(Assignment)
The lines below, from the one containing "盛放在盤子裡後備用。此時鍋底" through the one containing "선사하는 양군식 지휘자", should be set down exactly, with no pictures and nothing else.

-------- Dataset entries --------

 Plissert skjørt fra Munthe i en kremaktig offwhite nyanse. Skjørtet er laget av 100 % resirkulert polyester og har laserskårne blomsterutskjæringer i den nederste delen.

--------
-------- Dataset entries --------

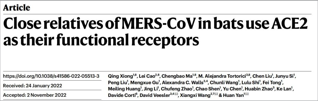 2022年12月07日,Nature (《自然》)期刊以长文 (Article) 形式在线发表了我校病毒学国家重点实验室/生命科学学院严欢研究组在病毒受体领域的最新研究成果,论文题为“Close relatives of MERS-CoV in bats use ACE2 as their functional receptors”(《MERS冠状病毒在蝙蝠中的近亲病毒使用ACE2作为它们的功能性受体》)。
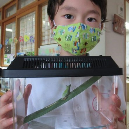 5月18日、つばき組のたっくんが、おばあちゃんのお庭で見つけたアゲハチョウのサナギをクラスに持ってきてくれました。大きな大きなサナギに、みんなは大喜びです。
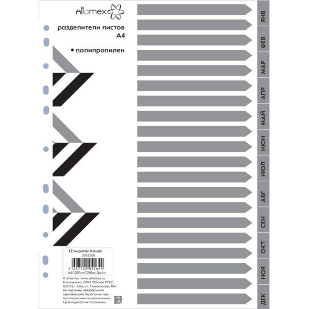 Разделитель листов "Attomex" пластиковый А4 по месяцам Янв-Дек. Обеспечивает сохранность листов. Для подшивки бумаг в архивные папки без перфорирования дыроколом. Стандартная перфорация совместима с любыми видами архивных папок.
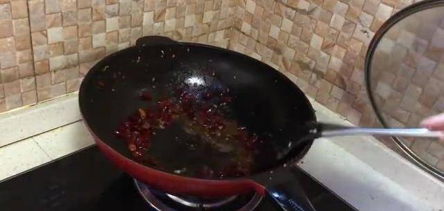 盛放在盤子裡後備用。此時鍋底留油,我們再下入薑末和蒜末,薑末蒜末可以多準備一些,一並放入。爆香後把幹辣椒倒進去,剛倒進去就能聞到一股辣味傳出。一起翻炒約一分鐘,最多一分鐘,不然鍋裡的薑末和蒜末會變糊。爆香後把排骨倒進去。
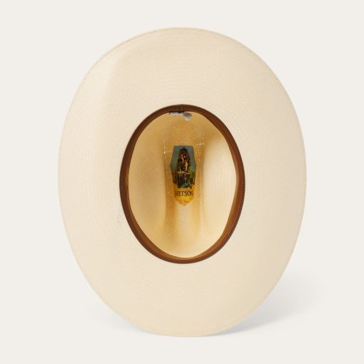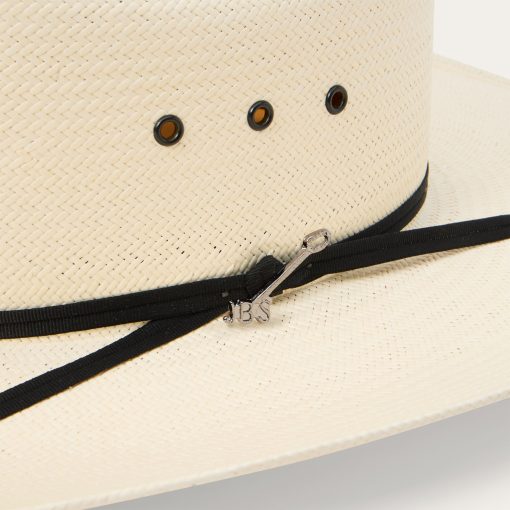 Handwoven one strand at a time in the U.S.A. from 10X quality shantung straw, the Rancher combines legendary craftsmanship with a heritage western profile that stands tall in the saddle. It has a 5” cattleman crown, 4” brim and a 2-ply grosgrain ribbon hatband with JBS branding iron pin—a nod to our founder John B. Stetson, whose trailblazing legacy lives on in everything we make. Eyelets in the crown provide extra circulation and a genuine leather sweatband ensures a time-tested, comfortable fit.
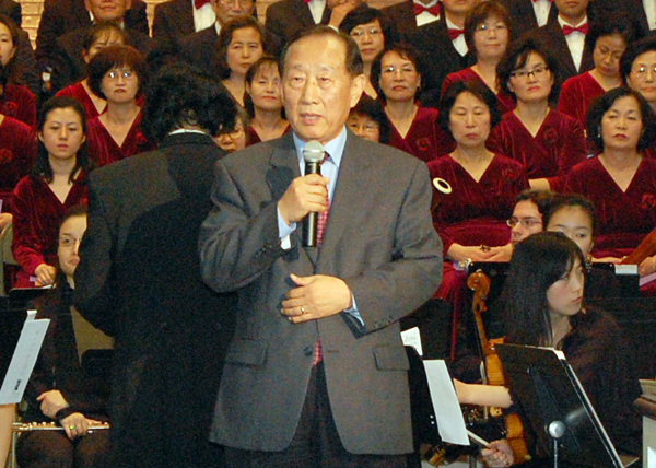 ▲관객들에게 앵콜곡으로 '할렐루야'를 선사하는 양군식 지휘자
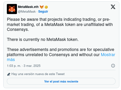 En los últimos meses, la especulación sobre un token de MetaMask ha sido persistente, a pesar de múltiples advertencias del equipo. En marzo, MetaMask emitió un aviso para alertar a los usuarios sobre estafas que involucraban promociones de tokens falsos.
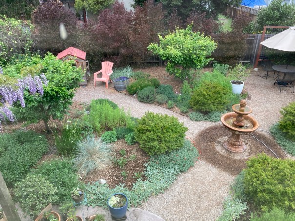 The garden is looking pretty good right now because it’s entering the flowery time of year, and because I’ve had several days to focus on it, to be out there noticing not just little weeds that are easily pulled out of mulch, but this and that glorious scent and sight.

--------

(Response area)
 盛放在盤子裡後備用。此時鍋底留油,我們再下入薑末和蒜末,薑末蒜末可以多準備一些,一並放入。爆香後把幹辣椒倒進去,剛倒進去就能聞到一股辣味傳出。一起翻炒約一分鐘,最多一分鐘,不然鍋裡的薑末和蒜末會變糊。爆香後把排骨倒進去。
 Handwoven one strand at a time in the U.S.A. from 10X quality shantung straw, the Rancher combines legendary craftsmanship with a heritage western profile that stands tall in the saddle. It has a 5” cattleman crown, 4” brim and a 2-ply grosgrain ribbon hatband with JBS branding iron pin—a nod to our founder John B. Stetson, whose trailblazing legacy lives on in everything we make. Eyelets in the crown provide extra circulation and a genuine leather sweatband ensures a time-tested, comfortable fit.
 ▲관객들에게 앵콜곡으로 '할렐루야'를 선사하는 양군식 지휘자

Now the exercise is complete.